Why FCT Actually Works: The Contingency Strength Math

FCT isn't magic. It's a 1.0 vs. negative-1.0 contingency strength gap between the mand and the problem behavior. Here's the math, from a BCBA-led CEU.

Key takeaway

A +1 mand stacked against a -1 problem behavior gives you a 2.0 contingency strength gap, and that gap is the whole reason Functional Communication Training (FCT) works.

Watch the full CEU recording

The Math Behind Behavior Reduction

Matt Harrington · 1 CEU · 60 min
Watch on openceu.com →

A +1 mand stacked against a -1 problem behavior gives you a 2.0 contingency strength gap, and that gap is the whole reason Functional Communication Training (FCT) works. Most Board Certified Behavior Analysts (BCBAs) learn FCT as a procedure: teach a Functional Communication Response (FCR), put the problem behavior on extinction, prompt the mand, fade prompts. That story is fine. It is also missing the math. If you can see FCT as two contingency strengths sitting side by side, you can predict whether your plan will work before you ever run it.

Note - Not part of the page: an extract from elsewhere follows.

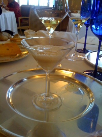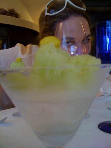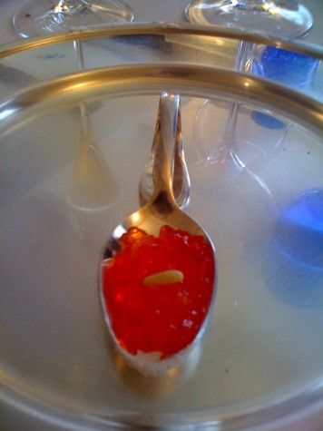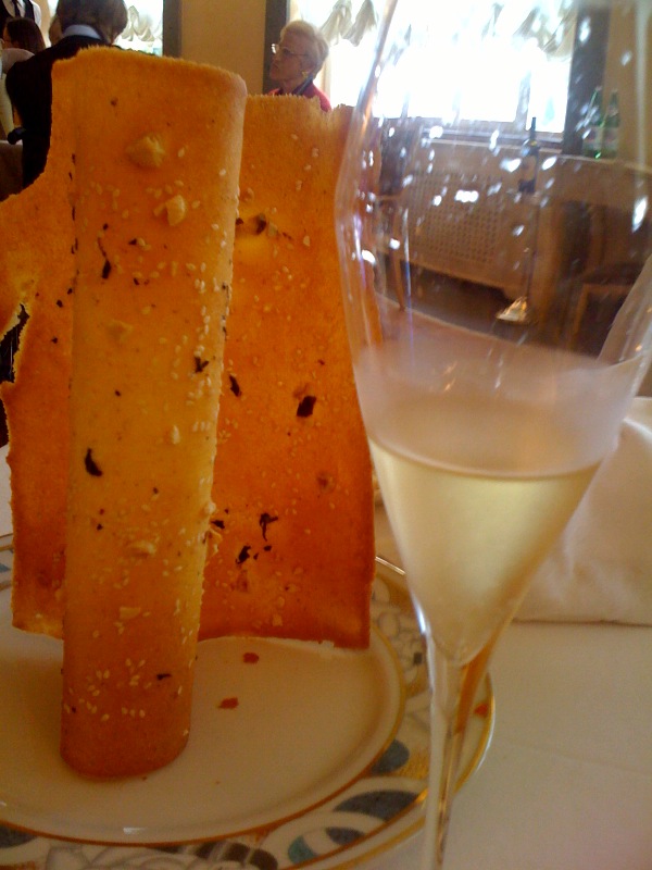 Un’aleatico salentino e un muffato di Antinori aprono la sequenza del dessert assieme a un vassoio di biscottini. Stupisce il bicchiere dove galleggia nel vuoto la “granita di mela verde, assenzio e crema d’olio”. In realtà con tanta pazienza nel bicchiere era stato “costruito” un cono di ghiaccio vuoto (ritorna l’alchimia) che si rompe al contatto con il cucchiaio e dà corpo alla granita che è quasi una “grattachecca”.
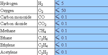 Dual injections of samples, three columns and argon(Ar) as carrier gas, nine dissolved gas compounds - hydrogen(H2), oxygen(O2), nitrogen(N2), carbon monoxide(CO), carbon dioxide(CO2), methane(CH4), ethane(C2H6), ethylene(C2H4) and acetylene(C2H2) - are analyzed.

This page walks through that math in plain language. It is built from a CEU called "The Math Behind Behavior Reduction" by Matt Harrington. Watch the full session for the worked examples on the screen.

The two contingency strengths inside every FCT plan#

Every FCT plan has two behaviors competing for the same reinforcer. The mand. The problem behavior. Each one has its own contingency strength.

Contingency strength is a number between +1 and -1. It tells you the chance that a behavior produces the reinforcer, minus the chance the reinforcer shows up when the behavior does not happen. High strength means the behavior reliably gets paid. Low or negative strength means the behavior rarely or never gets paid.

When you write an FCT plan, you are setting up two of these numbers at once. The mand should be high. The problem behavior should be low. The bigger the gap, the more the learner picks the mand. That is the whole engine.

If you only think about FCT as "teach a mand and prompt it," you can miss the point. The prompts and the errorless teaching matter for skill acquisition. The reduction in problem behavior is driven by the gap.

The mand side: FR1 and a strength of +1.0#

In a clean FCT plan, the mand is on a Fixed Ratio 1 schedule. One mand, one reinforcer. Every time. That puts the mand all the way at the top of the scale.

The mand is on an FR1 schedule. Right? So, every time a mand appears, reinforcement closely follows. Every time a mand, they get reinforced. Therefore, the contingency strength is all the way up at one. From the talk — Matt Harrington

A strength of +1.0 means the learner can count on the response. If they ask, they get. There is no guessing. There is no waiting. That is what makes FR1 the right starting place for FCT. You want the mand to feel like a sure thing.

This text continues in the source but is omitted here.